Hi everyone,
Doing a seemingly innocent operation such as opening a file with vim on
a CFS (yes, that old crypto file system) NFS mount, lockd would wake up
and take 60% of my CPU away - probably doing nothing important but
certainly keeping the CPU busy, forever.
I use kernel 2.6.26 and kernel NFS. Some detail is available below:
$ grep nfs /proc/mounts
nfsd /proc/fs/nfsd nfsd rw 0 0localhost:/var/lib/cfs/.cfsfs /var/cfs nfs
rw,vers=2,rsize=8192,wsize=8192,namlen=255,hard,intr,proto=udp,timeo=11,retrans=3,sec=sys,addr=127.0.0.1
0 0
localhost:/var/lib/cfs/.cfsfs/x /var/cfs/x nfs
rw,vers=2,rsize=8192,wsize=8192,namlen=255,hard,intr,proto=udp,timeo=11,retrans=3,sec=sys,addr=127.0.0.1
0 0
$ egrep 'NFS|_LOCKD' .config
CONFIG_LOCKDEP_SUPPORT=y
CONFIG_NFS_FS=y
CONFIG_NFS_V3=y
CONFIG_NFS_V3_ACL=y
CONFIG_NFS_V4=y
CONFIG_NFSD=y
CONFIG_NFSD_V2_ACL=y
CONFIG_NFSD_V3=y
CONFIG_NFSD_V3_ACL=y
CONFIG_NFSD_V4=y
CONFIG_ROOT_NFS=y
CONFIG_LOCKD=y
CONFIG_LOCKD_V4=y
CONFIG_NFS_ACL_SUPPORT=y
CONFIG_NFS_COMMON=y
I noticed this a few weeks ago but I don't quite know what causes it but
I certainly know how to trigger it.

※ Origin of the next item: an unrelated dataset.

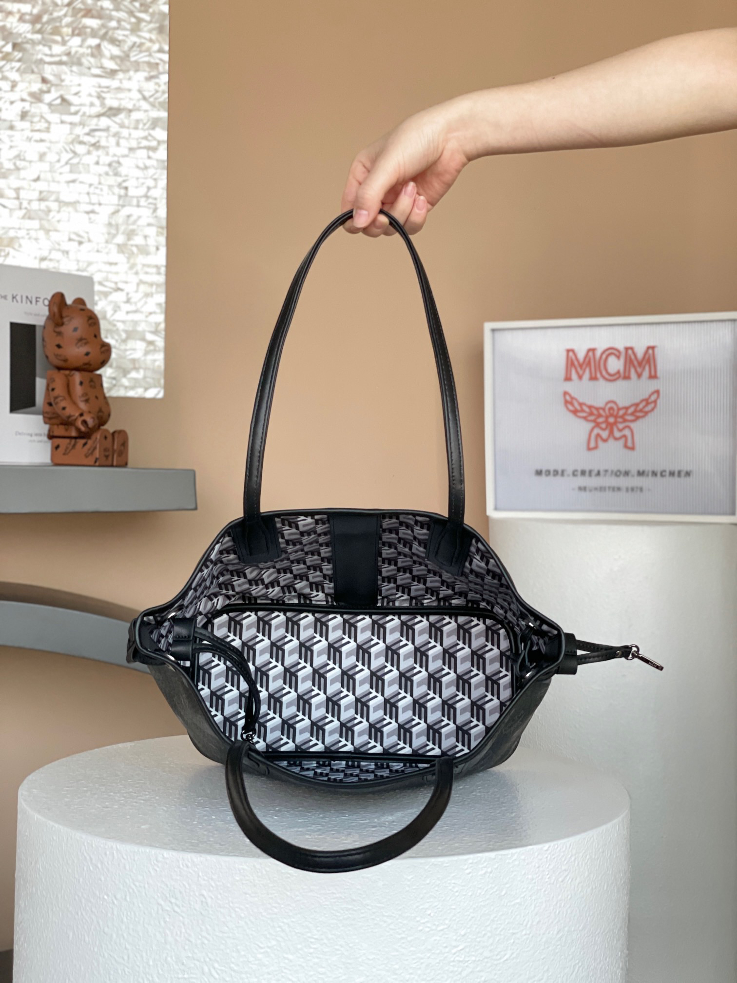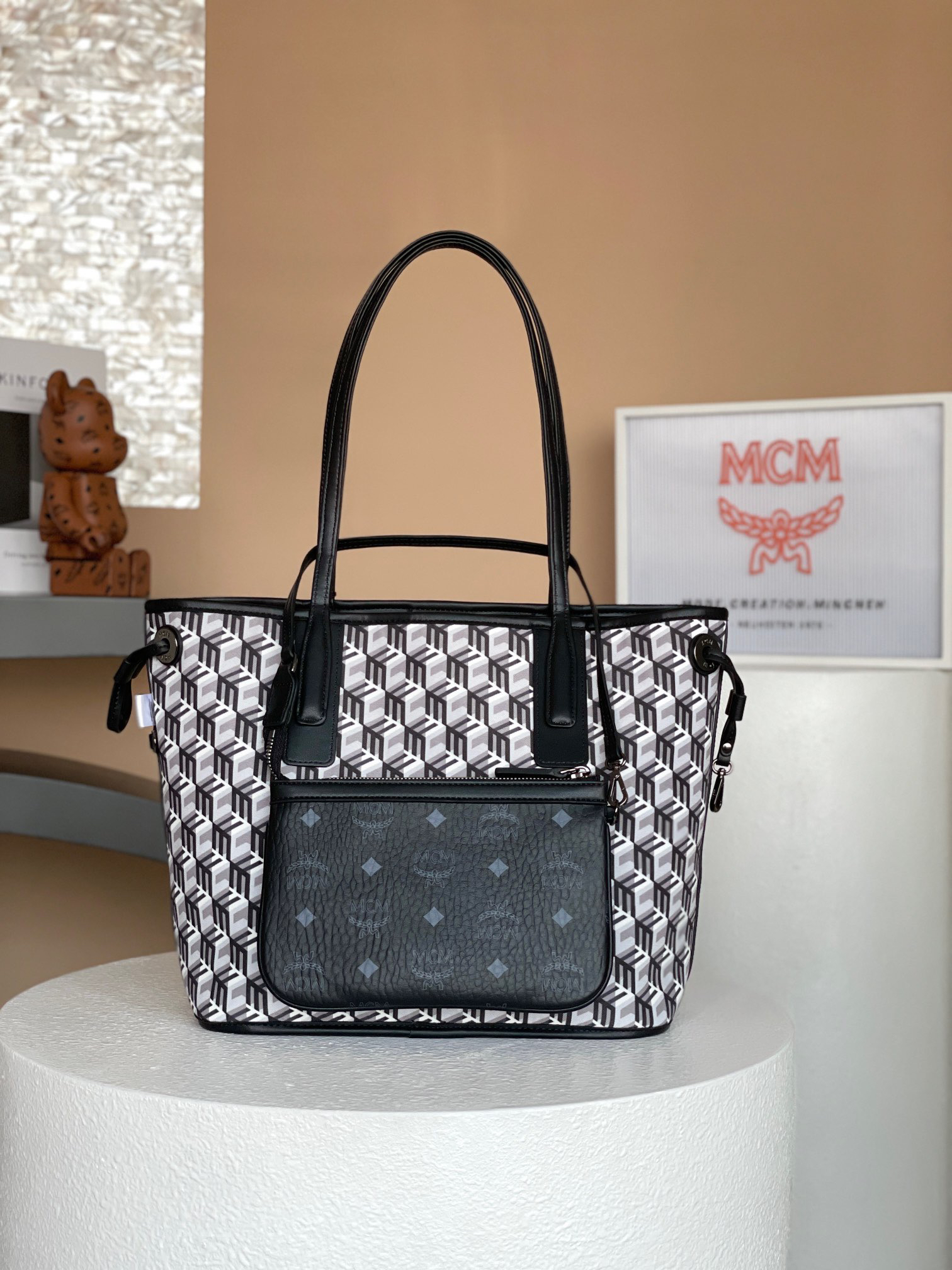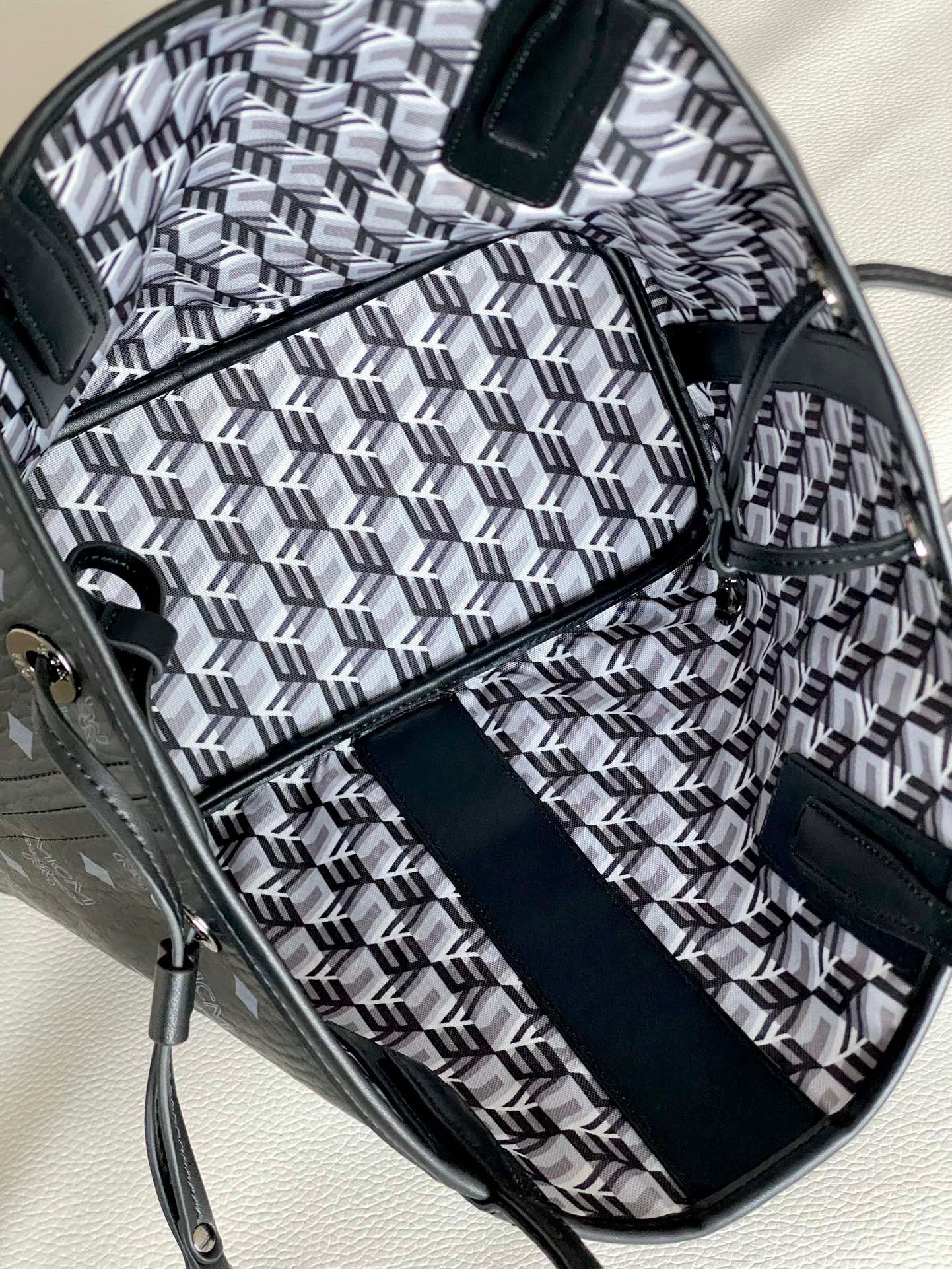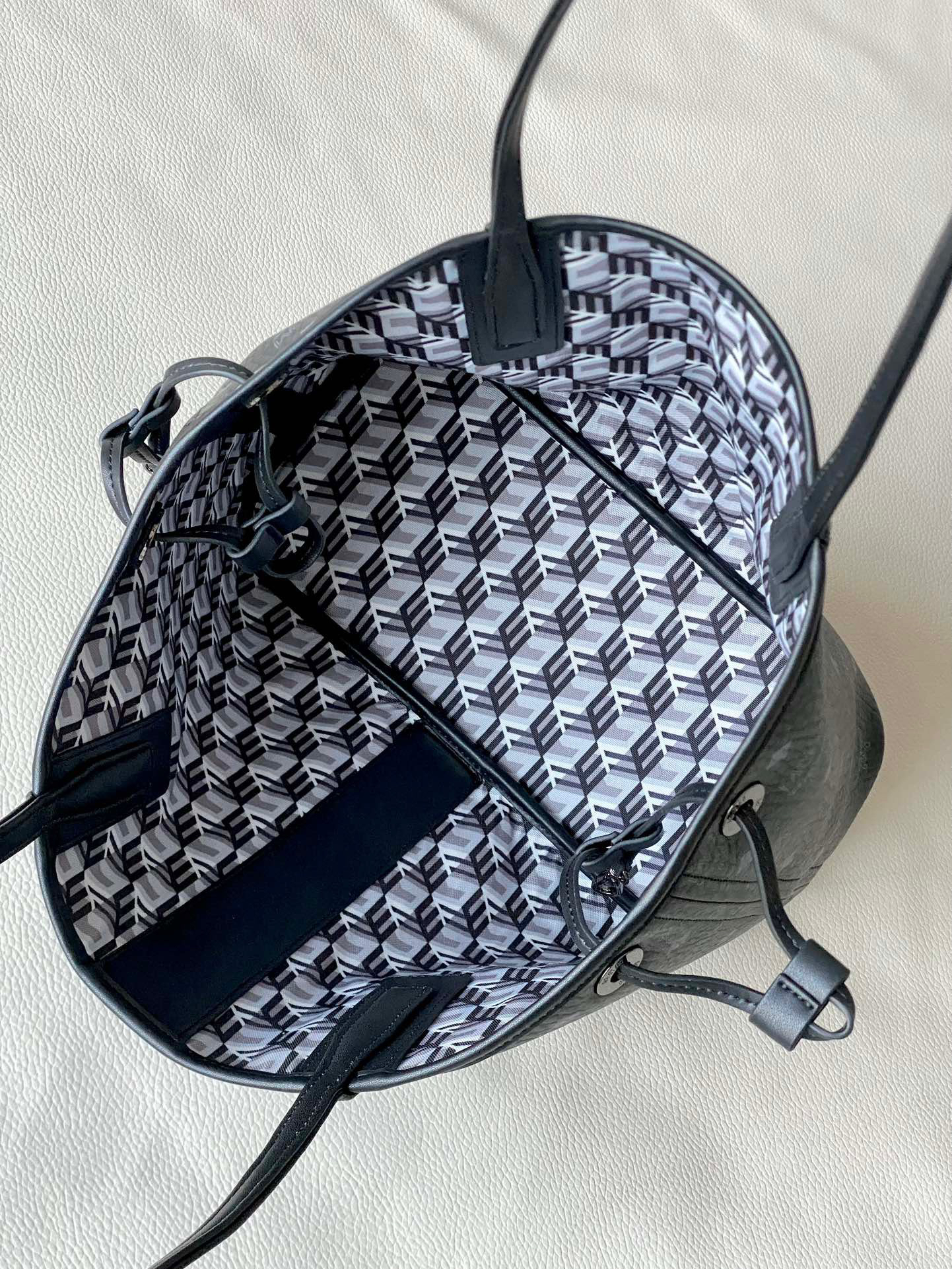 这是一款二合一的标志性单品。小巧的Liz包袋采用双面Cubic棉质帆布设计,展现了品牌的多维特性。购物袋内部则隐藏着一只可拆卸的拉链手拿包,可作为经典的肩背包单独使用。

Stopping CFS and NFS completely
doesn't help - as soon as NFS is restarted lockd starts eating CPU again
just like before.
I'd appreciate any hints on what I can do to find the root cause of the
problem and help get this bug out of the way.